Trail of Lightning

Trail of Lightning

Series: The Sixth World, Book 1

By: Rebecca Roanhorse / Narrated By: Tanis Parenteau

Length: 8 hrs and 58 mins

What a reFRESHing and fun jaunt, jam-packed with action, mythology, and characters to root for!

Just gotta say it: Rebecca Roanhorse had me when her heroine Maggie saws a little girl’s head off…

That says a lot for how fearless and free her style of writing is and how tough and pragmatic her heroine is. Maggie knows she’ll take a psychological hit for killing the girl, but there’s a reason she neeeeds to get it done. She’s living in a post apocalyptic Navajo environment (Climate catastrophe and human depredation, anyone?), and she’s a supernatural monster hunter/killer extraordinaire. She knows evil, and she knows what she has to do.

The monster in this case, however, is unlike any she’s ever seen before, so she has to tap into her in-the-spirit-grandfather’s knowledge to understand just what she’s up against: Cuz this monster? He ain’t the only one around. Tah, the old man, says she’ll need help as she tries to stomp out this latest evil, and he thrusts his grandson, Kai, upon her.

Sure, sure, a few other reviewers griped that she muses on her love life a bit, what with Kai being thrown in there and NATurally developing into a love interest, but let’s remember that this is Book One, and characters and relationships are being developed.

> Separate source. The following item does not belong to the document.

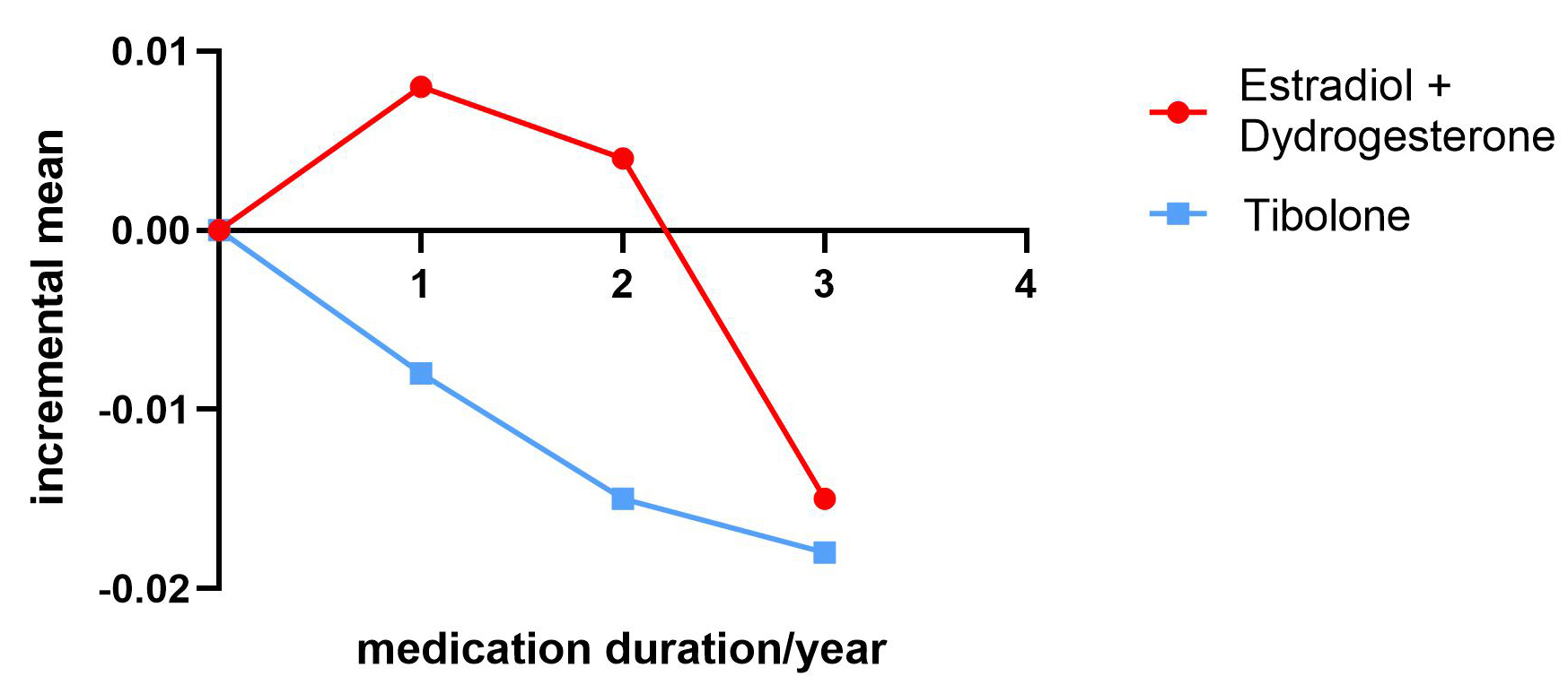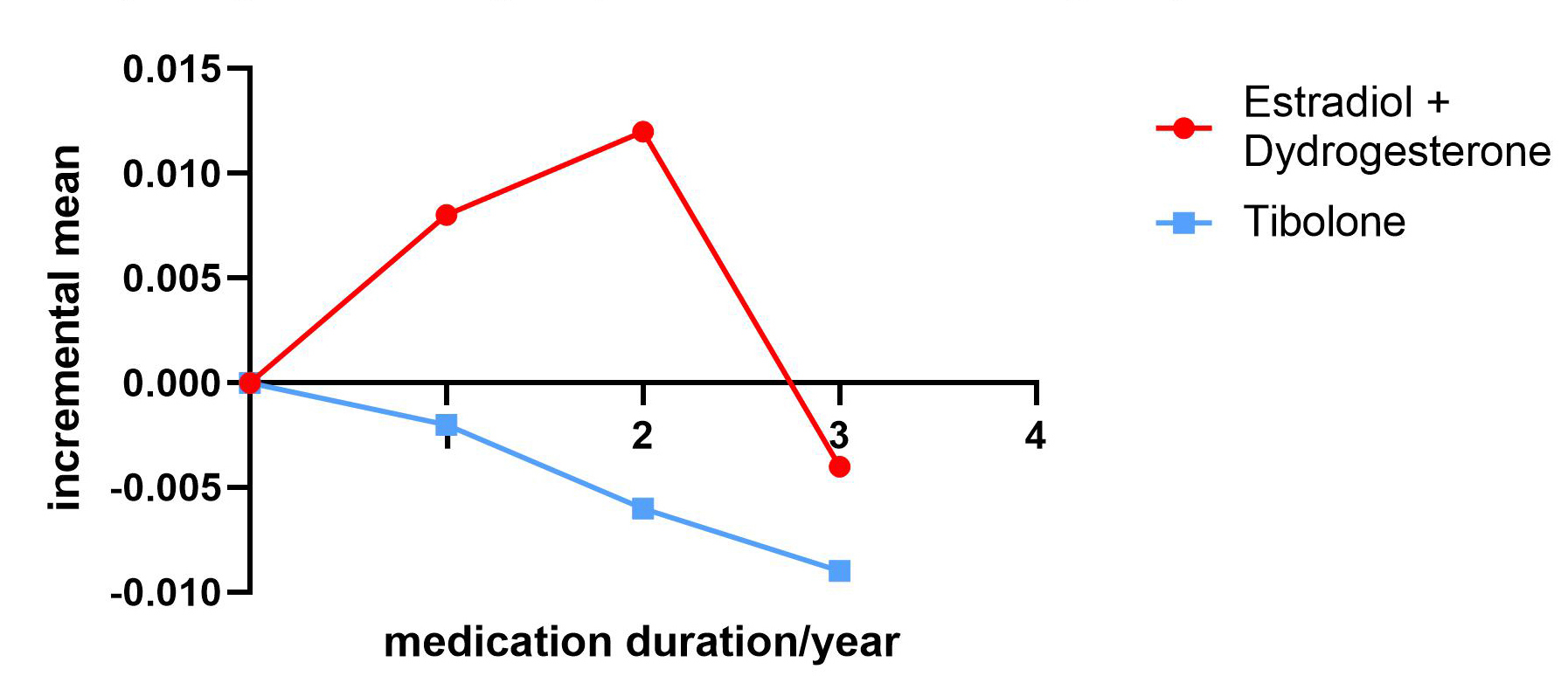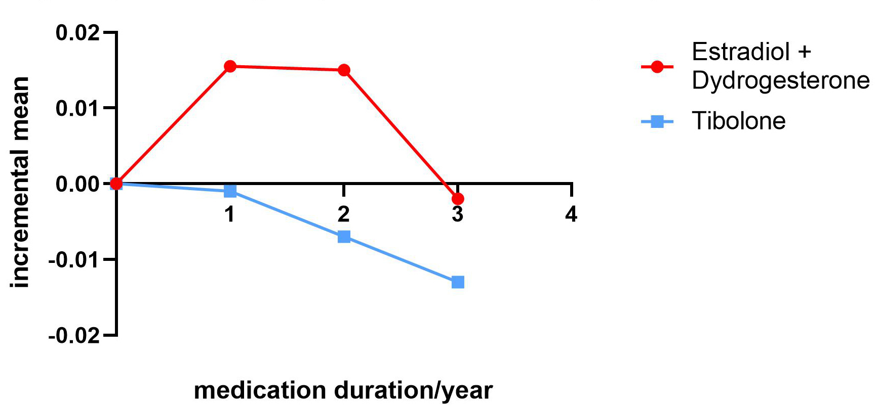 The use of estradiol plus dydrogesterone showed an increasing trend in the BMD of the lumbar spine, total hip, and femoral neck after 1 and 2 years of treatment, with a decrease in the third year. Tibolone treatment showed a decreasing trend in BMD after 1, 2, and 3 years, indicating that estradiol plus dydrogesterone is superior to tibolone in improving BMD. After 3 years of tibolone treatment, changes in BMD were correlated with age, height, weight, and body mass index (BMI), whereas after 3 years of estradiol plus dydrogesterone treatment, changes in BMD showed no significant correlation with age, height, weight, and BMI.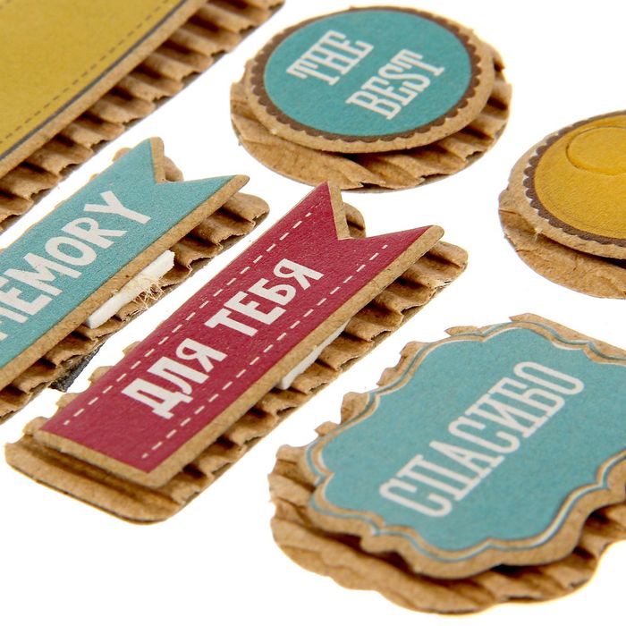 Многослойные наклейки из гофрокартона становятся всё популярнее с каждым днём! Они мгновенно привлекают внимание яркостью, объёмом и оригинальностью. Изделия подходят для украшения любого скрап-объекта: альбомов, блокнотов, открыток. Особенно хорошо декор сочетаются с пакетами из крафт-бумаги.

Plus, Maggie is sooo refreshing in that she’s a tough cookie with walls she’s thrown up, but she’s written in such a way where her vulnerabilities don’t make her some obnoxious jerk who forces people to beg her for a chance even as she treats them like dirt (Say like Ollie from The Insides?). I liked how she’d feel fear every time her lonely existence was threatened with intimacy, but she was open to it without being wretched. I liked Maggie.

And I liked Trail of Lightning a LOT. This was my favorite Listen of the week. It had phenomenal world building, a really, really neat magic system based on Navajo mythology, and while it might be nice to know a bit about Navajo culture going in, it wasn’t absolutely necessary. I mean, we’ve all heard about that trickster god Coyote, right? We can imagine what all sorts of mischief and conniving he’s gonna get up to. And we all know there’s going to be a special affinity and awareness of the environment and natural phenomena.

Tanis Parenteau does a very good job with the narration, and my only problem was with her portrayal of some harsh and grating men/characters. Her voice gets super gravelly for those people, and it skritched on my ears like nails on chalkboard. Fortunately, it would appear that that was only the way she started sentences off—Her voice appeared incapable of keeping up the rigors of such vocal shapings, thank GOD. Otherwise I think I would’ve died because truly! There are some twisted menfolk and monsters whose voices required scratchiness.

There are twists and turns and, while the characters do seem to react more than take actions that depicted personal agency, I felt the situations they got into were such that this was all quite appropriate. It certainly doesn’t deter me in any way from having a hankering to take on the second in the series. Because even tho’ this is an action-packed novel, character development doesn’t take a backseat to anything, and it ended on a lovely and touching note. Enough for my emotional heartstrings to be set humming.

So who knows? I may just HAVE to sneeeak in that next book into this short Native American Heritage Month. But you know what? A good book is just a good book, and it needn’t be classified as NAHM material.

And this is just a good and fun book!